PYTHON
Find K Largest Elements Using Heapq
Discover how to efficiently retrieve the 'k' largest elements from a list or stream of data using Python's `heapq` module, implementing a min-heap strategy.
import heapq
def find_k_largest_elements(numbers, k):
if k <= 0:
return []
if k >= len(numbers):
return sorted(numbers, reverse=True)
# Create a min-heap of size k
# The heap will store the k largest elements seen so far
# but in min-heap order (smallest of the k at the root)
min_heap = []
for num in numbers:
if len(min_heap) < k:
heapq.heappush(min_heap, num)
elif num > min_heap[0]: # If current number is larger than the smallest in heap
heapq.heappop(min_heap) # Remove smallest
heapq.heappush(min_heap, num) # Add current number
# The heap now contains the k largest elements.
# To get them in descending order, pop them one by one or sort the heap.
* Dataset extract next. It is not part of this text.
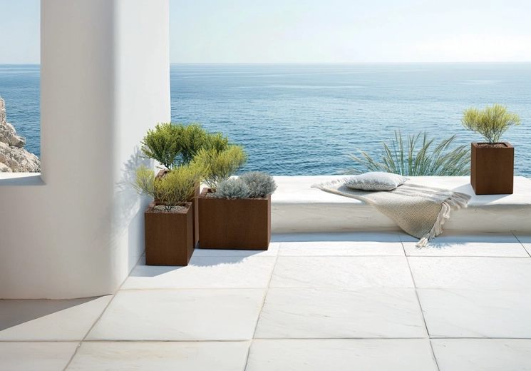 Minimalistyczny kanciasty kształt w rdzawobrązowym odcieniu doskonale współgra z naturalnymi materiałami i podkreśla zieleń na balkonie, tarasie oraz w salonie.

return sorted(min_heap, reverse=True)
# Example usage:
data = [3, 2, 1, 5, 6, 4, 7, 8, 9, 0]
k_val = 3
largest_elements = find_k_largest_elements(data, k_val)
# Expected output: [9, 8, 7]
# print(f"Original list: {data}")
# print(f"{k_val} largest elements: {largest_elements}")
How it works: This snippet uses Python's `heapq` module to efficiently find the `k` largest elements in a list. It maintains a min-heap of size `k`. For each number in the input list, if the heap size is less than `k`, the number is added. If the heap is full and the current number is greater than the smallest element in the heap (the root), the smallest element is removed, and the current number is added. This ensures the heap always contains the `k` largest elements encountered so far. Finally, the heap is sorted in reverse to present the results in descending order.